Classification
Document and sentence classification is a fundamental language processing task that involves automatically assigning predefined labels to text fragments.
Core Process
Embedding models
- Undersampling: Sample a subset of the data \(N\) times, ensuring each label has the same number of samples
- Document Encoding: Convert subset samples into vectors
- Classifier Training & Evaluation: Train (for each \(n\) in \(N\)) a logistic regression model with a small number of iterations.
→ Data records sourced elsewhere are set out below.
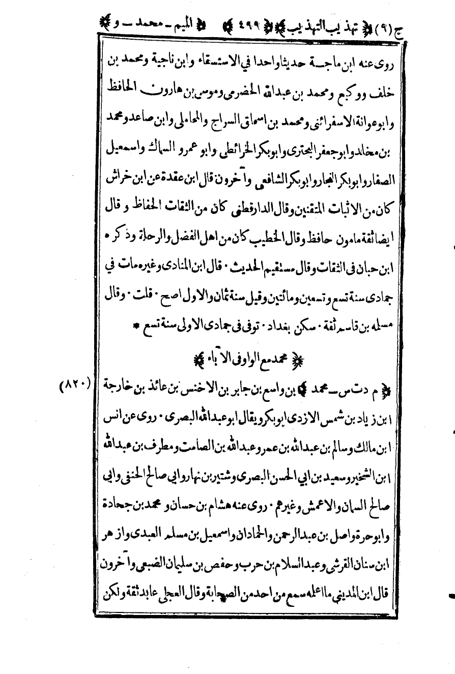 822 – " م د ت س – محمد" بن واسع بن جابر بن الأخنس بن عائذ بن خارجة بن زياد بن شمس الأزدي أبو بكر ويقال أبو عبد الله البصري روى عن أنس بن مالك وسالم بن عبد الله بن عمر وعبد الله بن الصامت ومطرف بن عبد الله بن الشخير وسعيد بن أبي الحسن البصري وشتير بن نهار وأبي صالح الحنفي وأبي صالح السمان والأعمش وغيرهم روى عنه هشام بن حسان ومحمد بن جحادة وأبو حرة واصل بن عبد الرحمن والحمادان وإسماعيل بن مسلم العبدي وأزهر بن سنان القرشي وعبد السلام بن حزب وحفص بن سليمان الضبعي وآخرون قال بن المديني ما أعلمه سمع من أحد من الصحابة وقال العجلي عابد ثقة ولكن
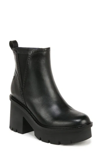 A chunky platform and block heel add scene-stealing height to a leather bootie fitted with a side zipper and gored elastic panel for easy wear. 4" heel; 1 1/2" platform Side zip closure with elastic gore inset Removable, cushioned insole with arch support Leather upper/synthetic lining and sole Imported
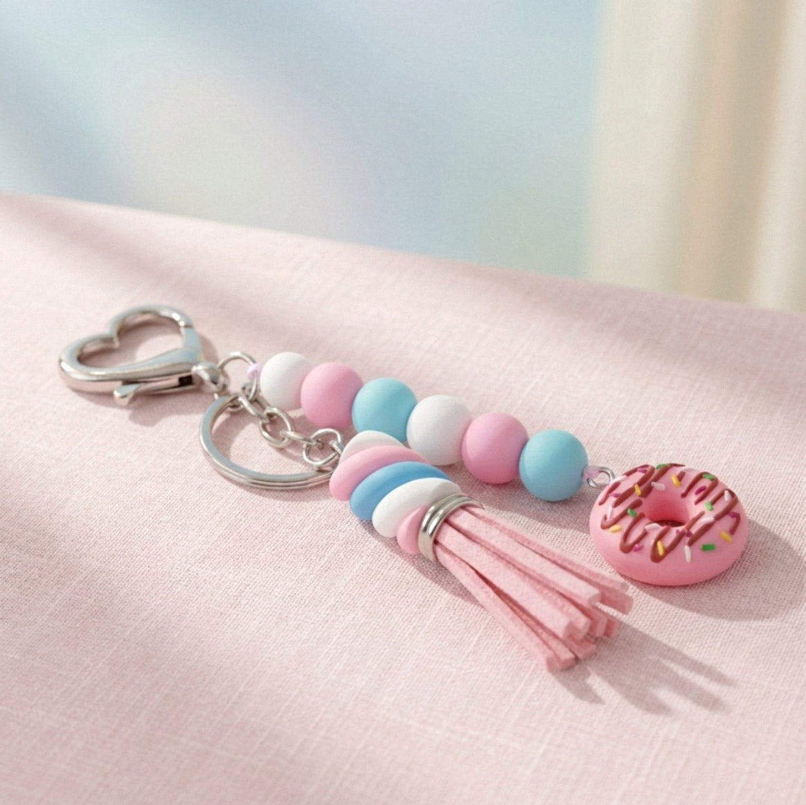Dieser verspielte Schlüsselanhänger kombiniert süße Marshmallow- und Donut-Charmes und Perlen mit einer farblich abgestimmten Quaste. Ein fröhliches Accessoire, das jedem Schlüsselbund einen lebendigen und einzigartigen Look verleiht – perfekt, um gute Laune unterwegs dabei zu haben!
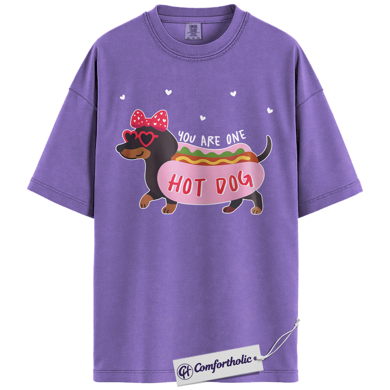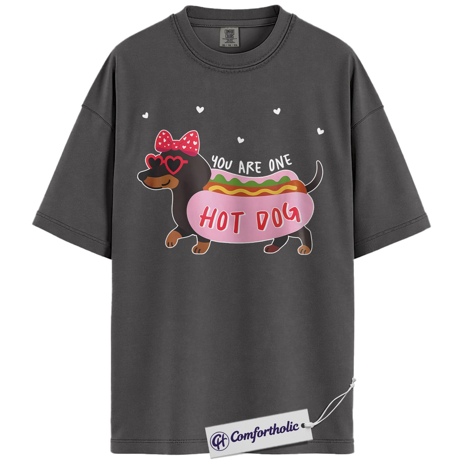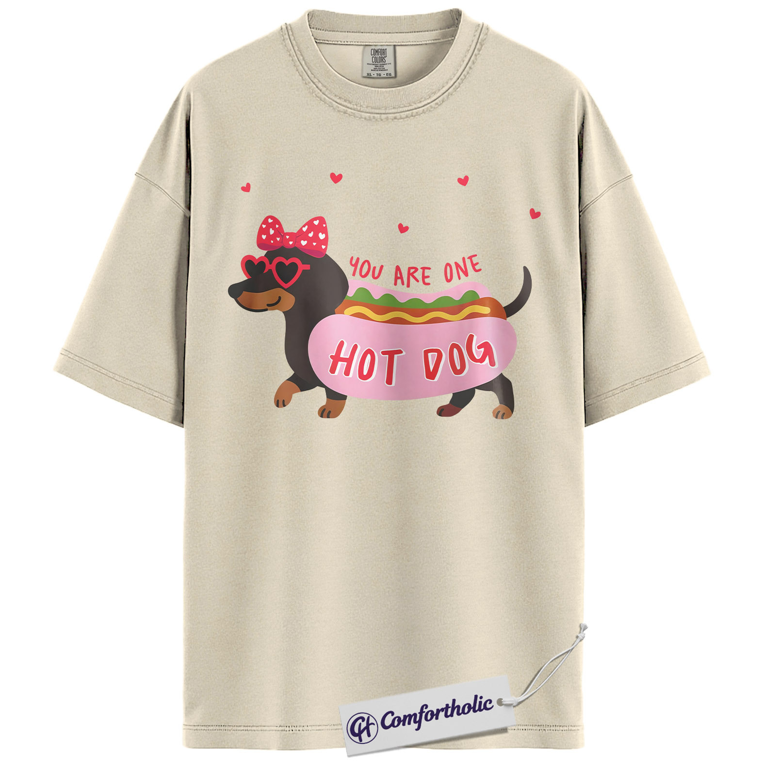 You Are One Hot Dog Shirt, Cute Dachshund Valentine Graphic Tee, Funny Dog Lover T-Shirt, Valentine Gift for Dog Moms, Comfort Colors Shirt
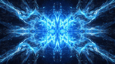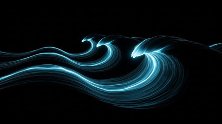 Electric blue neon waves with glowing light streaks and motion blur crash dynamically against a dark black background creating an energetic visual.
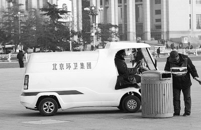 1月11日,新式微型电动垃圾回收车开进天安门广场。这种车天安门广场共有两辆,充电一次可以行驶70公里。之前,天安门广场数十个垃圾箱里的垃圾都靠人力三轮车回收转运。高铭摄
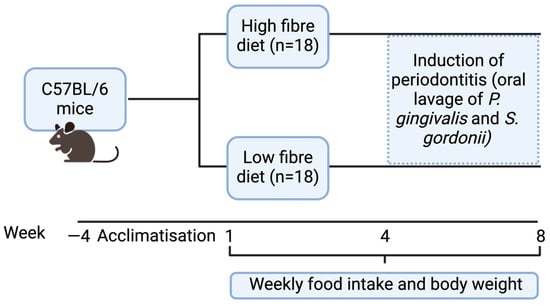 Diets were sourced from Speciality Feeds (Glen Forrest, WA, Australia) and were stored in a refrigerator at 4 °C to protect them from light and moisture. Two different diets containing resistant starch were prepared by incorporating Gem Star resistant starch (RS) and Guar Gum in varying ratios: a high-fibre diet consisting of 20% RS and 20% Guar Gum and a low-fibre diet containing 1.15% RS and 1.15% Guar Gum. The digestible energy contents of the high-fibre and low-fibre diets were 10.7 MJ/kg and 16.8 MJ/kg, respectively. These experimental diets were provided from week 1 to week 8 (Figure 1). Detailed compositions of the two diets are provided in the Supplementary Table S1. To ensure consistency in intake, diets were weighed twice a week. In cages where intake was lower, food was cut into 1 cm rounds to facilitate holding and consumption by the mice.
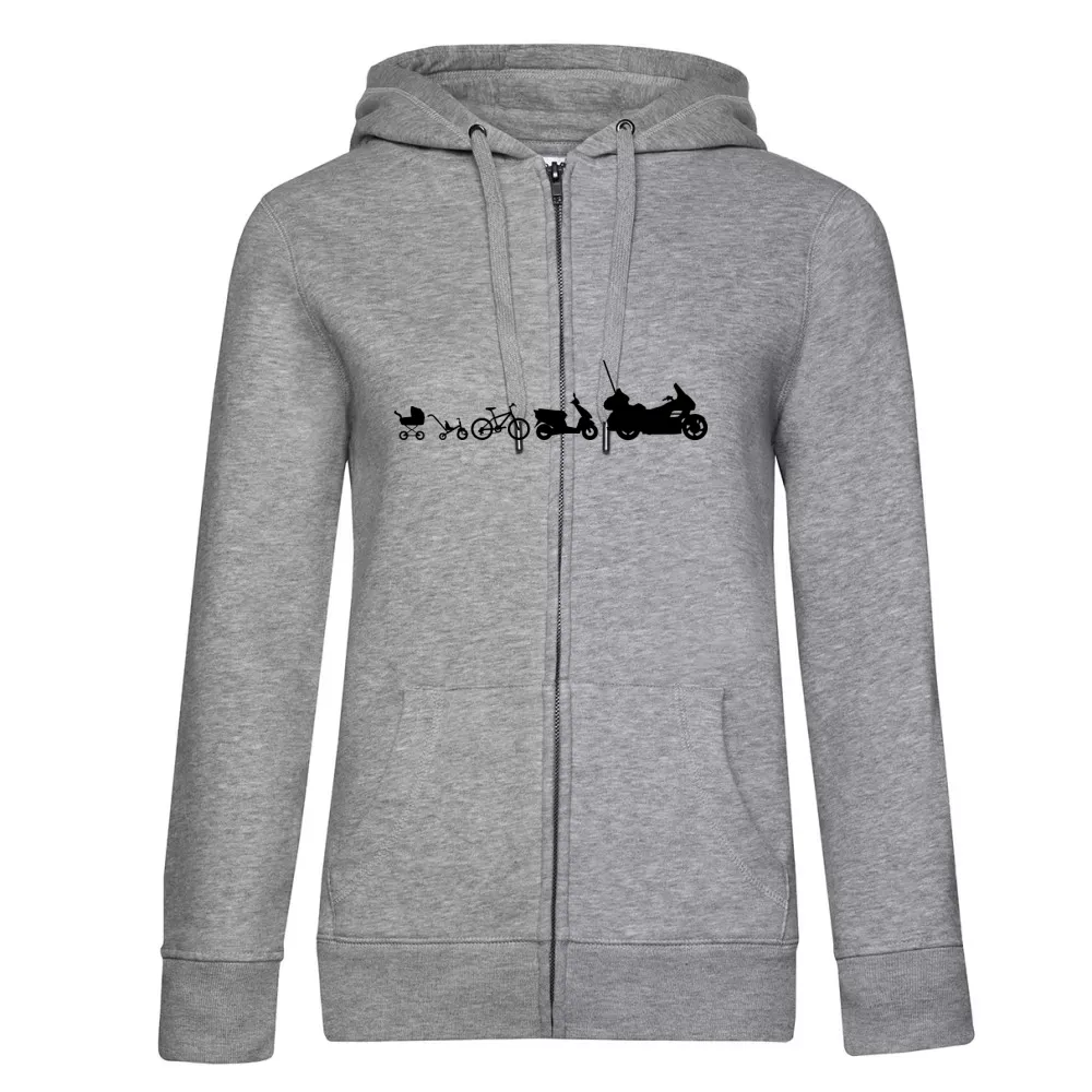 Das Design zeigt die Evolution des Motorrads und spricht die Verbundenheit zur Reise und zum Abenteuer an. Tragen Sie dieses einzigartige Motiv auf Ihrem Kapuzenjacke Frauen Hoodie und drücken Sie so Ihre Leidenschaft aus. Egal, ob Sie auf der Straße unterwegs sind, in der Garage arbeiten oder einfach nur im Alltag unterwegs – dieses Motiv wird garantiert zum Blickfang.
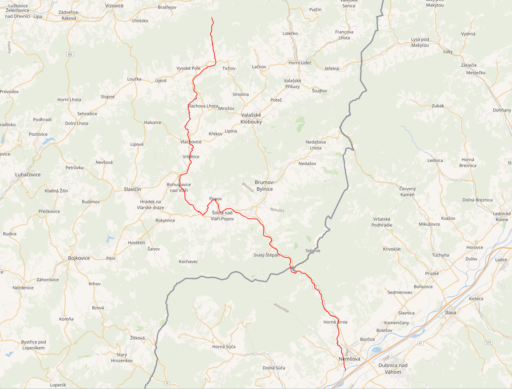 do Váhu na Slovensku v Nemšovej vo výške 217.4 m n.m.
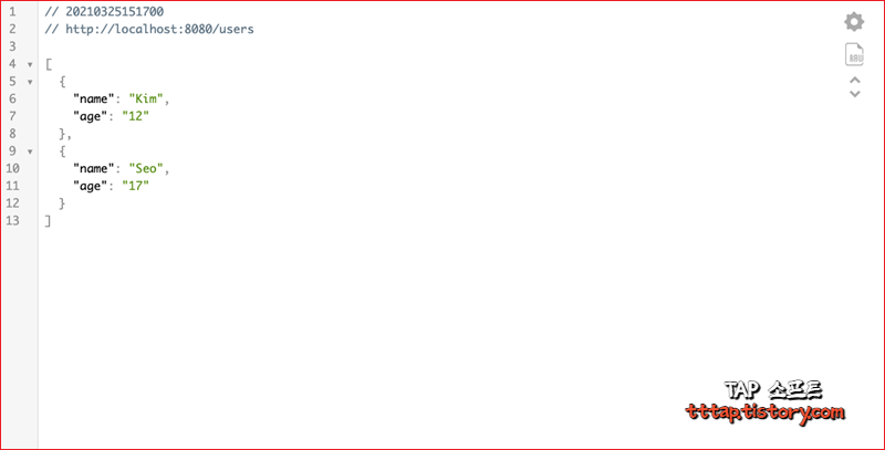 ▼ 1. 이제 [ http://localhost:8080/users ] URL로 이동하면 조금 전에 만들었던 JSON 구조를 반환받을 수 있습니다.

Evaluate the model on the test subset.
- Average Metrics: Average metrics over all the subset runs.
Data Schema Specifications
| Column | Type | Description | Required |
|---|---|---|---|
query |
string | Text fragment | ✓ |
label |
string | Label or labels for fragment | ✓ |
Relevant Metrics
| Metric | Description |
|---|---|
| Accuracy | Accuracy averaged over subset runs |
| Precision | Precision averaged over subset runs |
| Recall | Recall averaged over subset runs |
| F1 | F1 score averaged over subset runs |
The precision, recall and F1 scores are returned in macro-, micro- and weighted- average forms.
Supported Models
Only HuggingFace embedding-based models compatible with SentenceTransformer (e.g., SentenceTransformer, BERT, RoBERTa) are supported.